An example command to launch a training job is

python3 /NeMo/examples/nlp/information_retrieval/megatron_gpt_embedding_finetuning.py \
   exp_manager.exp_dir="PATH_TO_SAVE_LORA_WEIGHTS" \
   model.global_batch_size=4 \                         # exact choice for global batch size is data dependent typical values are in the range of 32 to 128.
   model.micro_batch_size=4 \                          # exact choice for micro batch size is GPU memory dependent 2 to 8 are reasonable values.
   trainer.devices=1 \                                 # indicates how many GPUs to use during training per node.
   trainer.num_nodes=1 \                               # indicates how many nodes to use if multi-node cluster is available
   trainer.max_steps=20 \                              # how many training steps to run.
   model.restore_from_path="PATH_TO_BASE_NEMO_MODEL" \
   model.peft.lora_tuning.adapter_dim=16 \             # the low-rank size for lora weights.
   model.data.train_ds.file_names=["train.jsonl"]

The full list of possible run arguments is configurable in /examples/nlp/information_retrieval/conf/megatron_gpt_embedder_tuning_config.yaml. By default a trained model file should be generated in here PATH_TO_SAVE_LORA_WEIGHTS/megatron_gpt_peft_lora_tuning/checkpoints/ typically with the extension .nemo.

Inference using a GPT Embedding Model

Once trained, the GPT Embedding Model can be used to generate embeddings for queries and corpus documents. We can launch inference using the following command:

python3 /NeMo/examples/nlp/information_retrieval/megatron_gpt_embedding_generate.py \
   model.global_batch_size=4 \
   model.micro_batch_size=4 \
   trainer.devices=1 \
   trainer.num_nodes=1 \
   model.restore_from_path="PATH_TO_BASE_NEMO_MODEL" \  # Same base model used at training time.
   model.peft.restore_from_path="PATH_TO_SAVE_LORA_WEIGHTS/megatron_gpt_peft_lora_tuning/checkpoints//megatron_gpt_peft_lora_tuning.nemo" \
   model.data.test_ds.query_file_names=["test_query.jsonl"] \
   model.data.test_ds.doc_file_names=\["test_docs.jsonl"] \
   model.data.test_ds.write_embeddings_to_file=True \
   model.data.test_ds.output_file_path_prefix="PATH_TO_SAVE_EMEBDDINGS"

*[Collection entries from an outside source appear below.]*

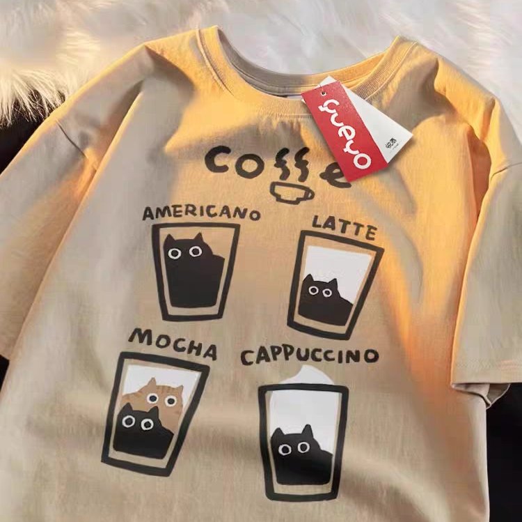 依依 纯棉透气夏季女装男装T恤 杯中黑猫 包邮
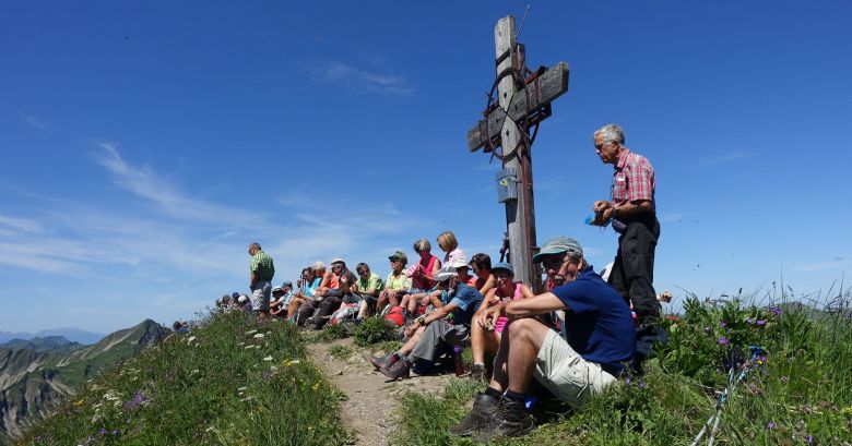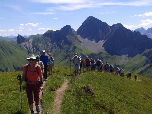 Unterdessen erklimmt die B Gruppe gleich 2 Gipfel. Der Weg führt über das Portlahorn und die Sünser Spitze.
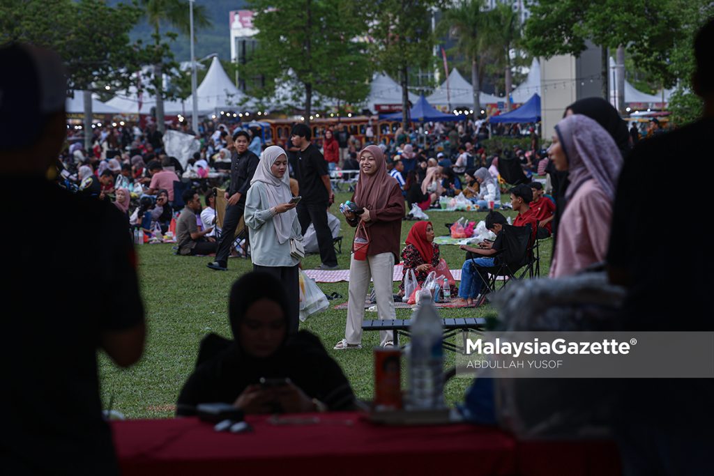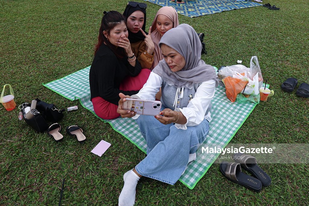 Orang ramai berswafoto ketika mengambil peluang pada cuti hujung minggu bersama keluarga dan kenalan berbuka puasa kawasan padang sekitar Bulatan Sultan Azlan Shah Meru, Ipoh. Foto ABDULLAH YUSOF 01 MARCH 2026.
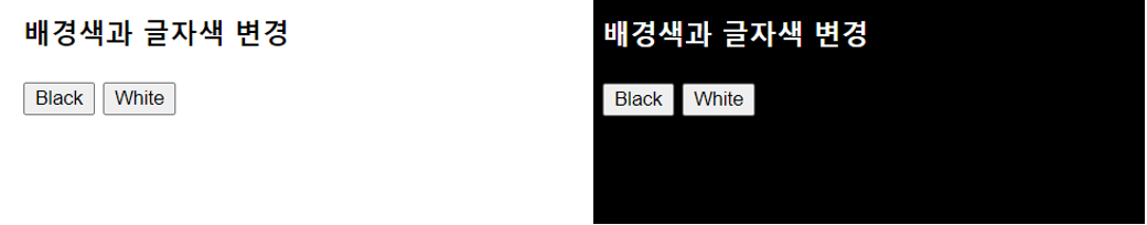 위의 코드를 실행시킨 화면을 보시면 화면의 배경색과 글자색이 바뀌는 것을 확인하실 수 있습니다.

The contents of test_queries.jsonl is expected to be in the following format:

{"query": "What do ... quantities?","query_id": "q11600", "doc_id": "d1172"}
{"query": "What are ... subsectors?", "query_id": "q5831", "doc_id": "d577"}
{"query": "Which article ... Government?", "query_id": "q3037", "doc_id": "d336"}

Here, the doc_id field is expected to be the id of the document/passage which is the correct passage for the query. Note that since we are in inference mode, we don’t require query-doc pairs.

The contents of test_docs.jsonl is expected to be in the following format:

{"pos_doc": "Hormones ... vitamin D.", "doc_id": "d823"}
{"pos_doc": "Historically, Victoria ... October 2016.", "doc_id": "d159"}
{"pos_doc": "Exceptional examples ... Warsaw.", "doc_id": "d1084"}

Once again, we show 3 examples form each file. Typically the test_docs.jsonl will contain more items than queries in the test_queries.jsonl.

The inference command will result in two folders

• PATH_TO_SAVE_EMBEDDINGS/consumed_samplesX/test_queries

• PATH_TO_SAVE_EMBEDDINGS/consumed_samplesX/test_docs

The X in the folder consumed_samplesX is a number denoted number of batches consumed, this is not crucial at test time, but it is useful in training which we will see in the next section. First, let’s take a look at the test_queries.

$> ls PATH_TO_SAVE_EMBEDDINGS/consumed_samplesX/test_queries
query.ids  query.npy
$>head -n3 PATH_TO_SAVE_EMBEDDINGS/consumed_samplesX/test_queries/query.ids
q11600
q5831
q3037

query.npy is a numpy pickled array containing rows of query embeddings and the query.ids text file list the id of each embedding in the same order.

Similarly let’s look into the test_docs folder

$> ls PATH_TO_SAVE_EMBEDDINGS/consumed_samplesX/test_doc/
doc.ids  doc.npy
$> head -n3 PATH_TO_SAVE_EMBEDDINGS/consumed_samplesX/test_doc/doc.ids
d823
d159
d1084

We can see that test_doc has a similar structure to test_queries but with ids and embeddings of the documents from the test_docs.josnl file. With this setup it is possible to evaluate the performance using metrics like MRR or NDCG.